Article No :525 | May 5, 2010 | by Jonathan Gosier
Information wants to flow and it wants to flow freely and torrentially. Twitter, SMS, email, and RSS offer unprecedented access to information. With all these channels of communication comes a deluge of overwhelming retweets, cross-chatter, spam, and inaccuracies. How do you distinguish signal from noise without getting overwhelmed? Can we somewhat automate the process of filtering content into more manageable portions without sacrificing accuracy and relevance?
These are the exact questions I attempted to answer during the recent earthquakes in Haiti and Chile. As the Director and System Architect of SwiftRiver at Ushahidi, we're working on an open-source software platform that helps journalists and emergency response organizations sift through real-time information quickly, without sacrificing accuracy. These earthquakes, however unfortunate, offered extreme use-cases for testing ideas internally, as small nonprofits and organizations as large as the U.S. State Department were relying on us for verified information.
The approach SwiftRiver takes is to combine crowdsourced interaction with algorithms that weight, parse, and sort incoming content. But before we get to that, let's explore how real-time content is currently delivered and consumed.
User Experience and Real-Time Content
As we move into the future of the Web, it's clear that real-time content is going to remain an increasingly important part of our online experience. This makes it important to think about the implications these new ways of delivering information have for UI design. We've learned from design for Web 2.0 that less is more. The buzzword simplexity was tossed around for a while to describe applications that did a lot under the hood, while managing to look simple on the frontend.
The layout of google.com is often cited as a good example of simplexity. When you navigate to Google you're presented, front and center, with a box that essentially asks you one question: what are you looking for? You type a phrase, and the application returns the results. That seems like a very simple exchange, but software professionals can tell you there's an incredible amount of work that goes into making such a simple task appear so…ordinary.
Likewise, other websites like mint.com and flickr.com, while not real-time apps, are great examples of making complex sets of processes seem easy. Many other websites have taken completely different approaches to both tasks (Web-based finance tracking and photo sharing, respectively), but I'd propose that these two sites have succeeded because of ease of use and accesibiity as much as because of the services they offer. Arguably, they're more successful in comparison to their former competitors as a result. So the simplicity of user interactions is important; and can have a direct return in increased user engagement.
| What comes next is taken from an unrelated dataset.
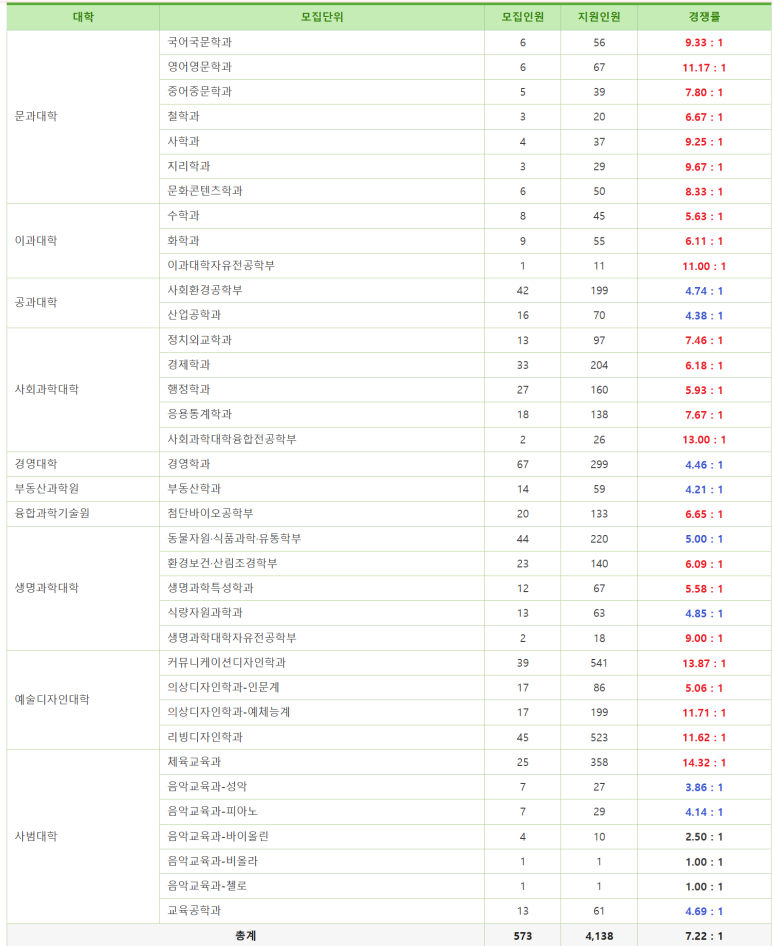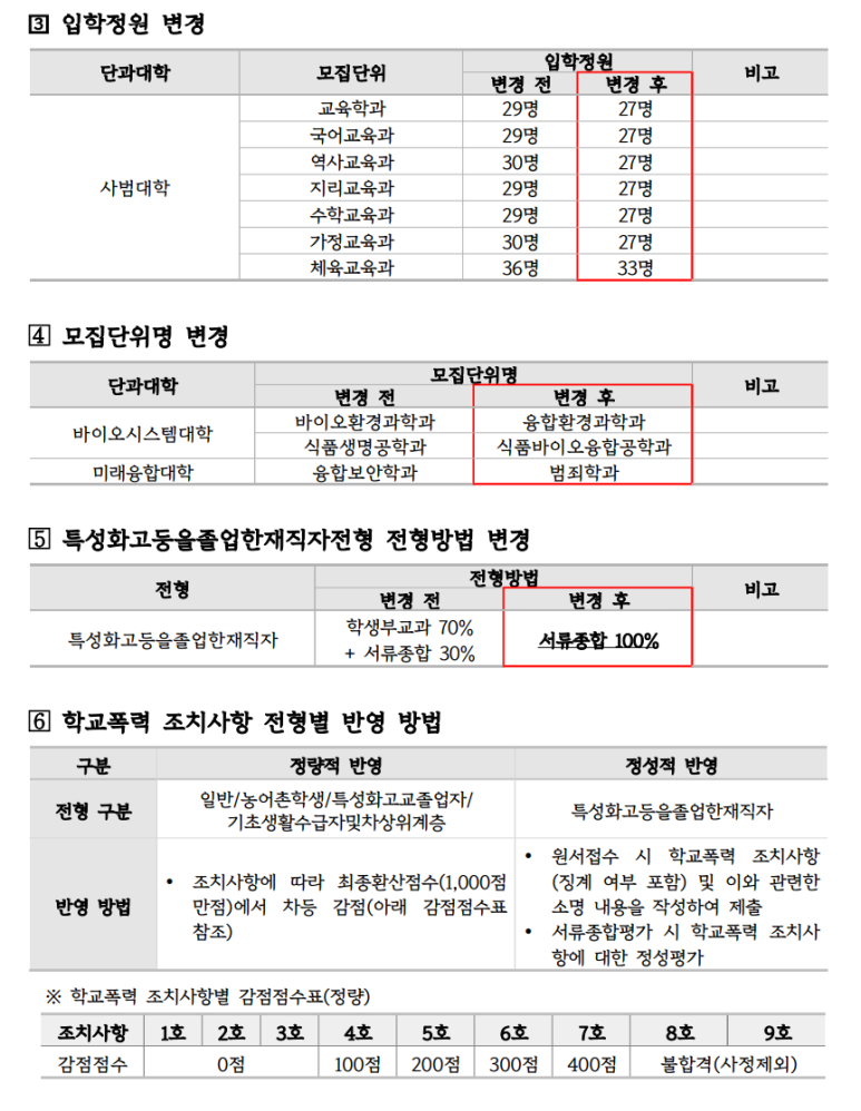 시대의 흐름에 따른 새로운 학과가 신설되었고, 융합환경과학과와 에너지신소재학과도 모집 인원을 증가했네요. 또한 타 대학과 유사하게 광역화 모집단위 선발이 확대된 점, 학교폭력 조치사항 반영이 된다는 점등을 눈여겨 보시면 좋을 것 같습니다.

With real-time apps, the need for simplexity is compounded by the fact that simple needs to be fast, and easy to read. In short, they need to answer the user question, "What am I supposed to pay attention to and when?"
At this year's CHIRP Conference, Twitter revealed that it's attempting to address some of these very issues. They previously only offered a few tools for the curation of user streams. Search is one such mechanism; to find something that's already been said, we can search the backlog of tweets at search.twitter.com. The lists feature is another; to set up filters that continually organize what's being said by people we trust on a given subject, we create lists of people knowledgeable on that subject. It's a list curated by repuation, but it still needs to be created. And, finally, the act of following or unfollowing users is another mechanism of curation. Who's saying the things that we care about enough to listen to at all?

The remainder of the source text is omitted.